> **ENTRIES PROVIDED**:
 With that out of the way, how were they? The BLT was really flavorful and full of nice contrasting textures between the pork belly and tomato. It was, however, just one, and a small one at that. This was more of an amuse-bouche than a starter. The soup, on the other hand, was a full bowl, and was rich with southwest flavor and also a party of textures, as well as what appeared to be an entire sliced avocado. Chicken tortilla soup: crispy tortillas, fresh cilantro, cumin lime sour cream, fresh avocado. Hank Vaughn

...

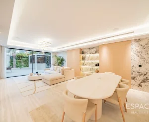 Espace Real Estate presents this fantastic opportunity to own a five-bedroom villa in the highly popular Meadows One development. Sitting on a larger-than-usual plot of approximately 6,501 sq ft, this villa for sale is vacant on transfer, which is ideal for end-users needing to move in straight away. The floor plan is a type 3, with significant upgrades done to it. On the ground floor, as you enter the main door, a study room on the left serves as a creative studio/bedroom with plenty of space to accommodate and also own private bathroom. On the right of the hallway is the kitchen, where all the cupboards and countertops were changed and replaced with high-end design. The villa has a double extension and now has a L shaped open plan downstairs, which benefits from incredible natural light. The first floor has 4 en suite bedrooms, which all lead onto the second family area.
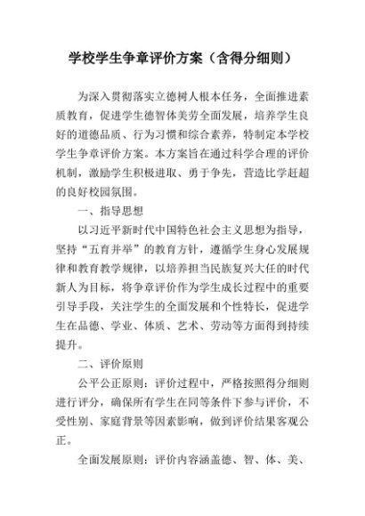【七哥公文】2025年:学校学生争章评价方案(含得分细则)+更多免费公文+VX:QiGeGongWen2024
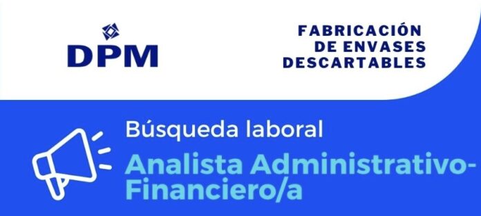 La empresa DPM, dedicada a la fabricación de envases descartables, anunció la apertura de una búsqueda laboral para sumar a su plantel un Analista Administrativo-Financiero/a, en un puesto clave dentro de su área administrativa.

...

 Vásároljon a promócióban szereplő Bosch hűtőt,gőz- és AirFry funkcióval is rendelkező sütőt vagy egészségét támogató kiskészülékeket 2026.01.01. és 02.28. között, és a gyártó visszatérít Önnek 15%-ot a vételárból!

> **TASK PROMPT**: Exact repeat of the material above: every line from the one with "Espace Real Estate" through the one with "La empresa DPM, dedicada", endpoints included, and nothing more. No pictures.

> **SOLUTION TO THE PROBLEM**:
 Espace Real Estate presents this fantastic opportunity to own a five-bedroom villa in the highly popular Meadows One development. Sitting on a larger-than-usual plot of approximately 6,501 sq ft, this villa for sale is vacant on transfer, which is ideal for end-users needing to move in straight away. The floor plan is a type 3, with significant upgrades done to it. On the ground floor, as you enter the main door, a study room on the left serves as a creative studio/bedroom with plenty of space to accommodate and also own private bathroom. On the right of the hallway is the kitchen, where all the cupboards and countertops were changed and replaced with high-end design. The villa has a double extension and now has a L shaped open plan downstairs, which benefits from incredible natural light. The first floor has 4 en suite bedrooms, which all lead onto the second family area.
【七哥公文】2025年:学校学生争章评价方案(含得分细则)+更多免费公文+VX:QiGeGongWen2024
 La empresa DPM, dedicada a la fabricación de envases descartables, anunció la apertura de una búsqueda laboral para sumar a su plantel un Analista Administrativo-Financiero/a, en un puesto clave dentro de su área administrativa.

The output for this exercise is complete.